Bnei Ephraim

Total population
- 350

Regions with significant populations
- Andhra Pradesh, India

Languages
- Telugu, Hebrew

Religion
- Judaism

Related ethnic groups
- Other Indian Jews and Telugu

= Bene Ephraim =

Jewish community in Andhra Pradesh, India

The Bene Ephraim (בני אפריים) Bnei Ephraim ("Sons of Ephraim"), also called Telugu Jews because they speak Telugu, are a small community living primarily in Kotha Reddy Palem, a village outside Chebrolu, Guntur district, and in Machilipatnam, Krishna District, Andhra Pradesh, India, near the delta of the River Krishna.
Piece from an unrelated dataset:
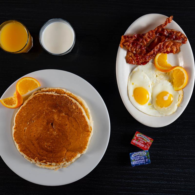 Two eggs and two pancakes or two pieces of French toast and either two pieces of bacon, two sausage links, or a sausage patty.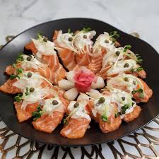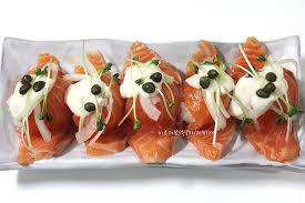 레몬즙을 살짝 뿌리거나 얇게 썰어 레몬 위에 올리면 비린맛을 줄일 수 있어요. 또는 살짝 구운 연어로 바꿔도 좋아요.

They claim to be descendants of the Tribe of Ephraim, of the Ten Lost Tribes, and since the 1980s have learned to practice modern Judaism.

==History==
The Bene Ephraim claim descent from the Tribe of Ephraim, and say that they traveled from Israel through western Asia: Persia, Afghanistan, Tibet and into China for 1,600 years before arriving in southern India more than 1,000 years ago. They hold a history which they say is similar to that of the shift of Afghan Jews and Persian Jews, Bene Israel, Bnei Menashe in the northeastern Indian states of Mizoram and Manipur, who received recognition in 2005 from the Chief Rabbinate of Israel. (The latter people must still go through a formal conversion process to become citizens of Israel under the Law of Return.)

During the medieval period, they had worked as farm laborers and many adapted regional cultures. Although nominally practicing Judaism, they adopted some aspects of Christianity after the arrival of British Baptist missionaries during the early 19th century.

Their leader, Shmuel Yacobi, went to Jerusalem in the 1980s and became convinced they were of Jewish descent. Because of the long period in which the people were not practicing Judaism, they did not develop any distinctly identifiable Judæo-Telugu language as other groups did.

Since the 1980s, about fifty families in Kotha Reddy Palem have studied Judaism, learned Hebrew, and built an operating synagogue. They celebrate all Jewish holidays and have their own Torah scroll. In the 1960s, some families migrated to Hyderabad, Telangana for high-paying jobs and better livelihoods.

Today, Hebrew is used as a living language rather than limited to the liturgy. The community has been visited over the years by rabbis from the chief rabbinate in Israel to study their Jewish tradition and practices. To be recognized as legitimate Jews, the Chief Rabbi has to recognize the community as being of Jewish descent. The rabbis have taught mainstream Judaism and made converts, and some women have intermarried with Jewish families. They have sought recognition from many rabbis around the world. They always practiced their own oral traditions and customs (caviloth), such as: burying the dead; marrying under a chuppah; observing Shabbat and other Jewish festivals, and maintaining a beit din (ie, a Jewish rabbinical court).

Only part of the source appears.